- **EXERCISE DETAILS**
The records follow. Transcribe only the lines from the line containing "Bei dieser PH" through the end, both ends included, and leave out the pictures.

- **PROVIDED RECORDS**
- Opening Delimiter -
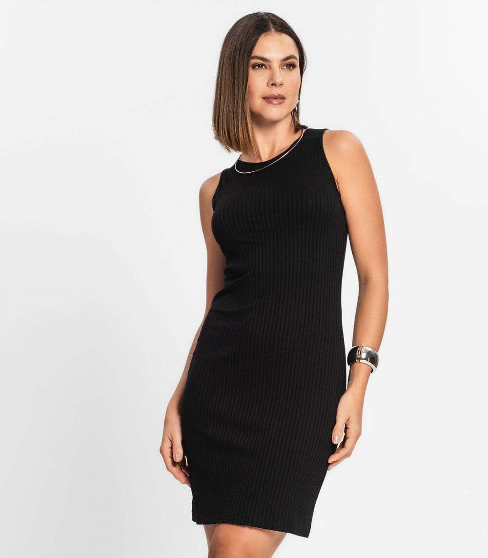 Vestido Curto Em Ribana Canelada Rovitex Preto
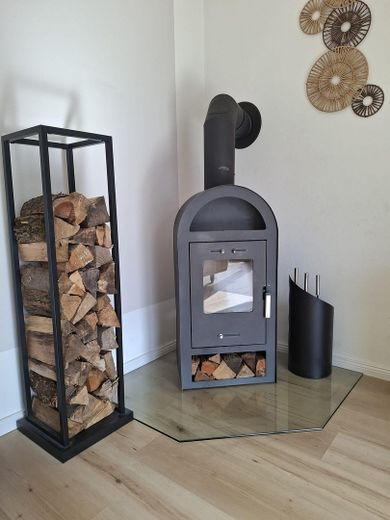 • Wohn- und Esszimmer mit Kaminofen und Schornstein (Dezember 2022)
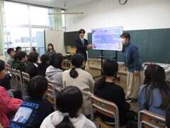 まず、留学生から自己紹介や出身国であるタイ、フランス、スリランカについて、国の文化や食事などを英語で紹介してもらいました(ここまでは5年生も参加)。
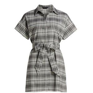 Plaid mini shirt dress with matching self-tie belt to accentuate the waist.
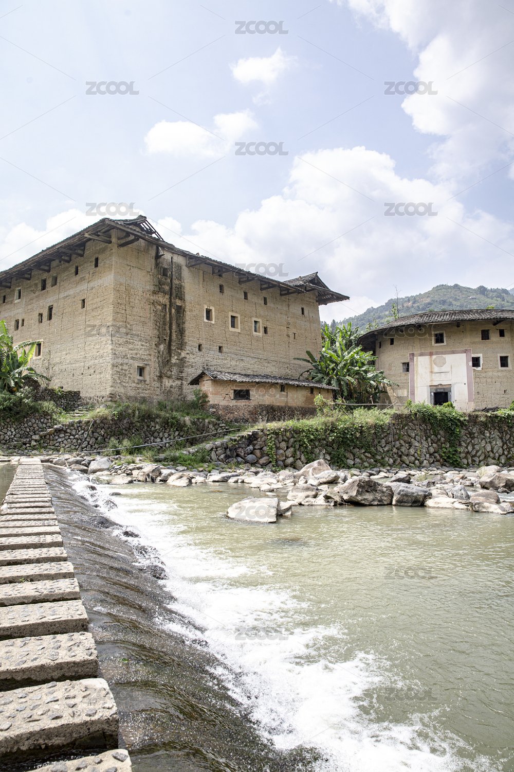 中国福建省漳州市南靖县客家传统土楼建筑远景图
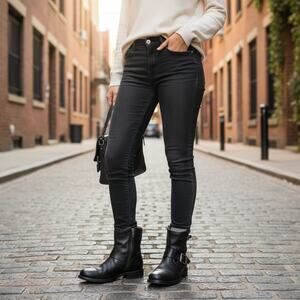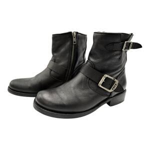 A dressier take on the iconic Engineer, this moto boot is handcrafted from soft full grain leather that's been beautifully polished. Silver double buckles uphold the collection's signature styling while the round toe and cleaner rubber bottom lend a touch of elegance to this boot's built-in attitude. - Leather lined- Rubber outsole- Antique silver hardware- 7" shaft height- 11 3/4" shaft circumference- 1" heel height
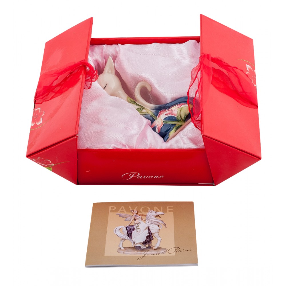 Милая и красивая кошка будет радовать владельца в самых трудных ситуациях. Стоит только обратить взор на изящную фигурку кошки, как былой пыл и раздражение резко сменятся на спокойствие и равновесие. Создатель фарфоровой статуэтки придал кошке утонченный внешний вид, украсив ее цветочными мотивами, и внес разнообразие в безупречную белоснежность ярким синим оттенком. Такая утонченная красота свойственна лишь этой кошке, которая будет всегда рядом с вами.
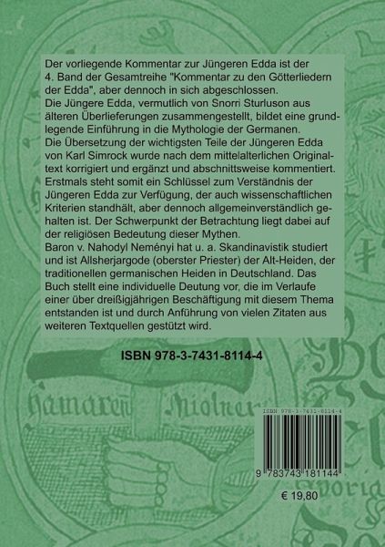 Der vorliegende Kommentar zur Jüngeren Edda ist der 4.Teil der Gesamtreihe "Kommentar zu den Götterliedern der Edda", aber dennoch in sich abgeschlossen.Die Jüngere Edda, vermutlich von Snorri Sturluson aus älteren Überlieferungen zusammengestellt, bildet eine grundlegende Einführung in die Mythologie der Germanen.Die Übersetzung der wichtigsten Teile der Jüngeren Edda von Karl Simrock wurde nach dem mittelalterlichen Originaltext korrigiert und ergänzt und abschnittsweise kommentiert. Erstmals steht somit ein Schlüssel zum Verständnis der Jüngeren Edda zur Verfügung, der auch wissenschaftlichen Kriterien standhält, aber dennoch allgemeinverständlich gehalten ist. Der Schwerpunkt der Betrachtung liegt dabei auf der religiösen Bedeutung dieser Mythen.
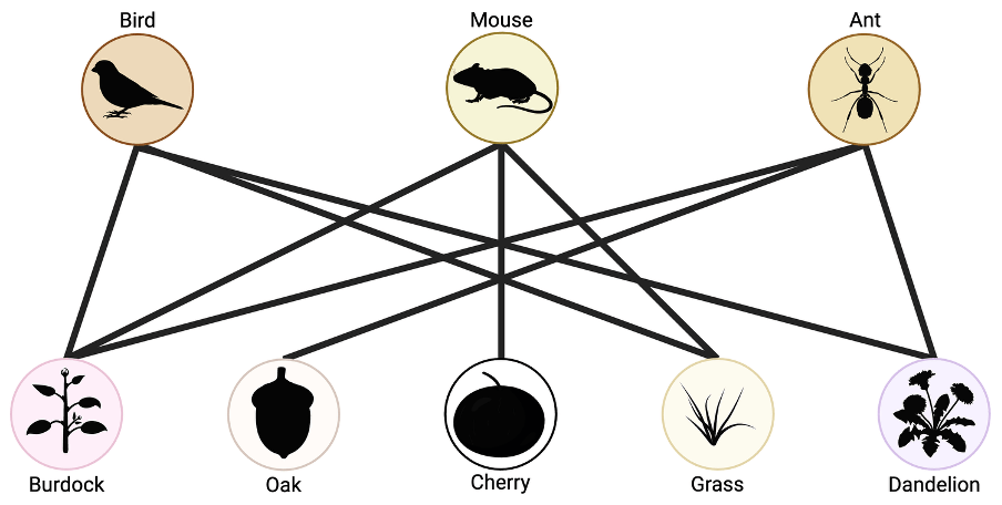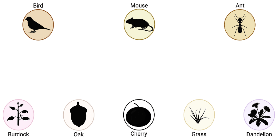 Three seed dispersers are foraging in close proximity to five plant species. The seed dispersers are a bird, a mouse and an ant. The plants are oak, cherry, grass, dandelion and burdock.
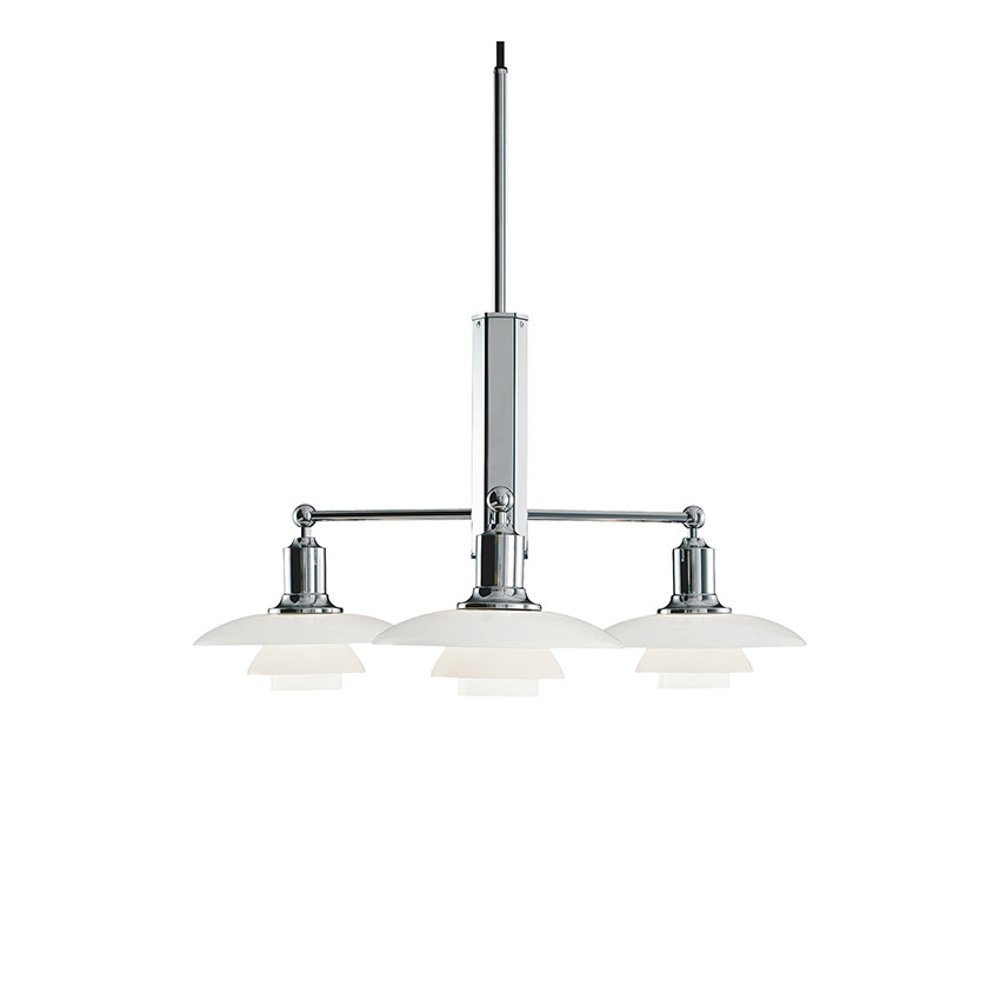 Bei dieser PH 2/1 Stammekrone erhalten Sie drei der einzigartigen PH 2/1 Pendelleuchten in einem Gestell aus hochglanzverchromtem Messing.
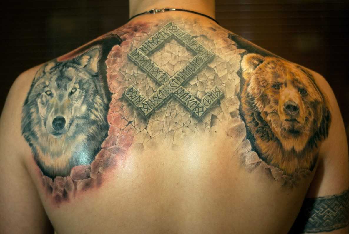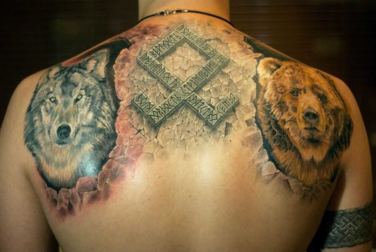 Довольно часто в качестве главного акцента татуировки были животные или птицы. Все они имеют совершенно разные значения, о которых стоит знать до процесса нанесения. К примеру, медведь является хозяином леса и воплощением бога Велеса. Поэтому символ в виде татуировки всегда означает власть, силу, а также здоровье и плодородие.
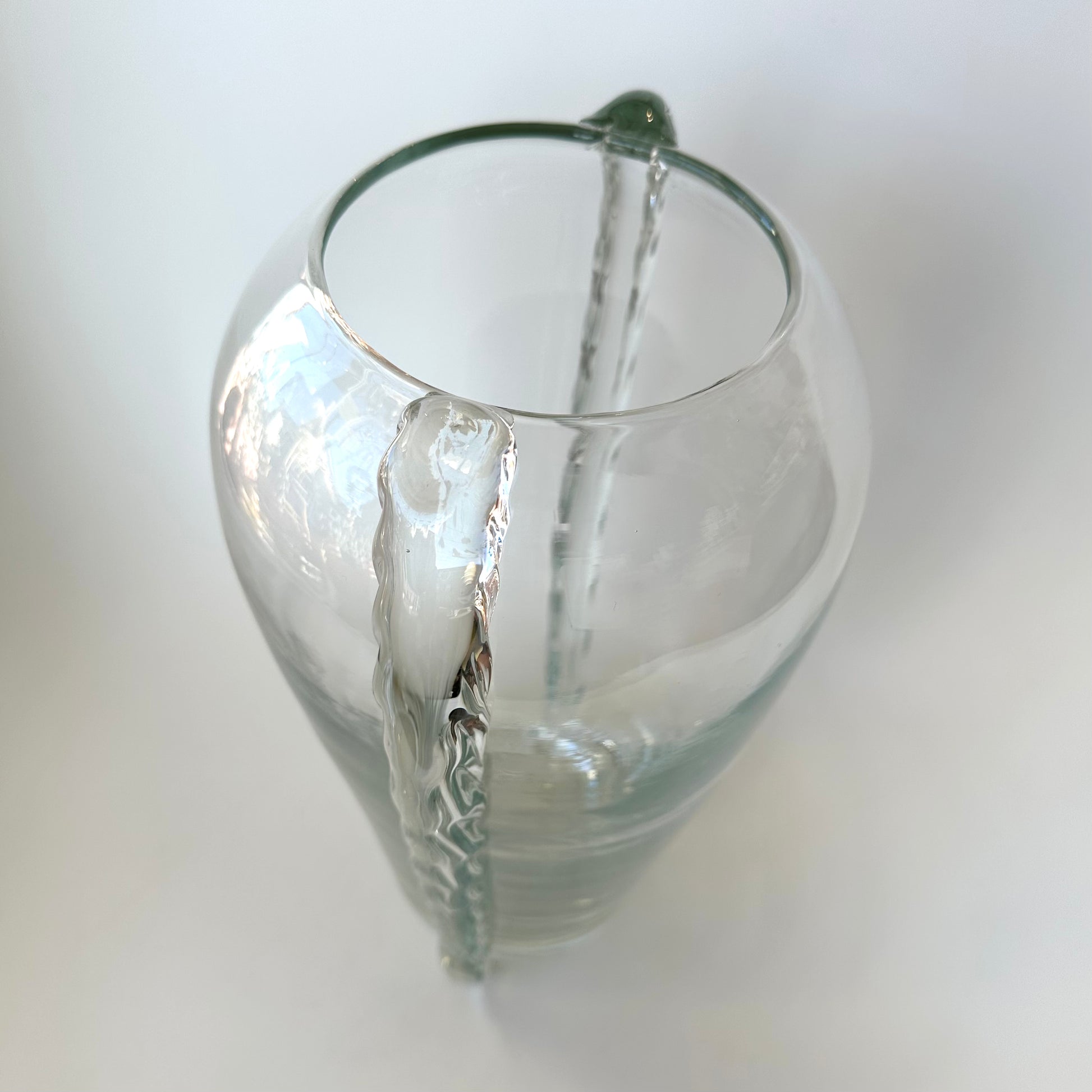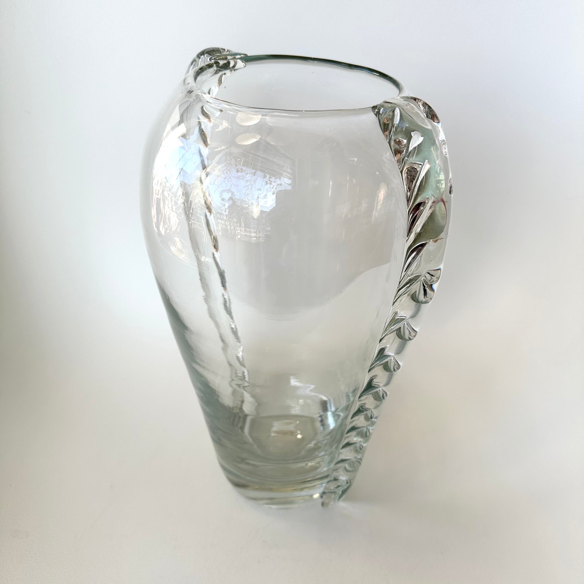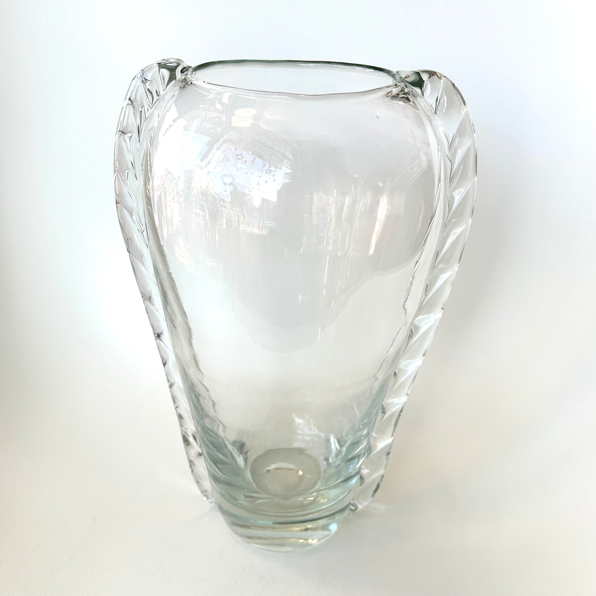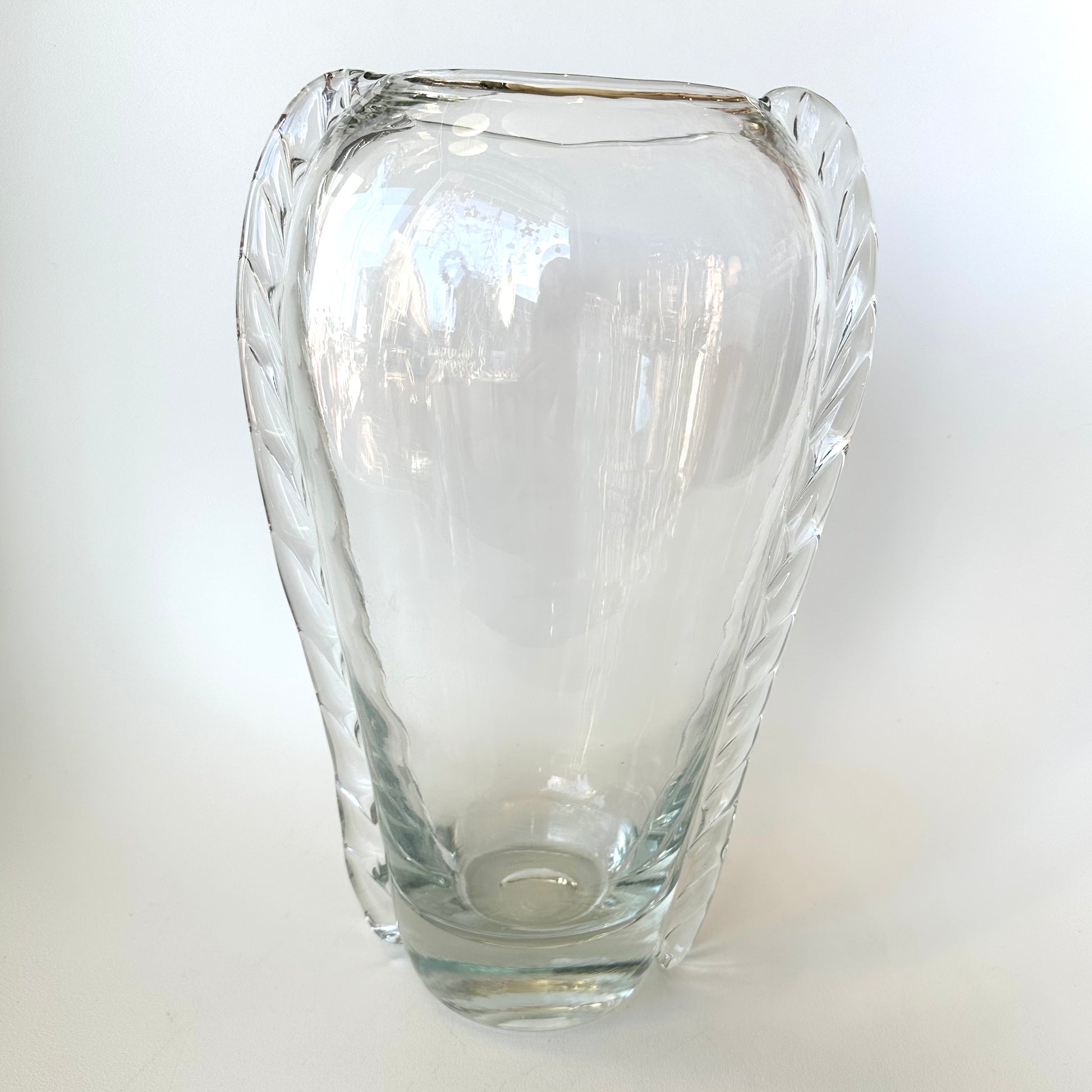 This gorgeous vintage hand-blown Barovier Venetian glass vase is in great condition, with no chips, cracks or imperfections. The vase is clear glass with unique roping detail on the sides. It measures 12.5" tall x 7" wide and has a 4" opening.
- Closing Delimiter -
- **OUTPUT FOR THIS EXERCISE**
 Bei dieser PH 2/1 Stammekrone erhalten Sie drei der einzigartigen PH 2/1 Pendelleuchten in einem Gestell aus hochglanzverchromtem Messing.
 Довольно часто в качестве главного акцента татуировки были животные или птицы. Все они имеют совершенно разные значения, о которых стоит знать до процесса нанесения. К примеру, медведь является хозяином леса и воплощением бога Велеса. Поэтому символ в виде татуировки всегда означает власть, силу, а также здоровье и плодородие.
 This gorgeous vintage hand-blown Barovier Venetian glass vase is in great condition, with no chips, cracks or imperfections. The vase is clear glass with unique roping detail on the sides. It measures 12.5" tall x 7" wide and has a 4" opening.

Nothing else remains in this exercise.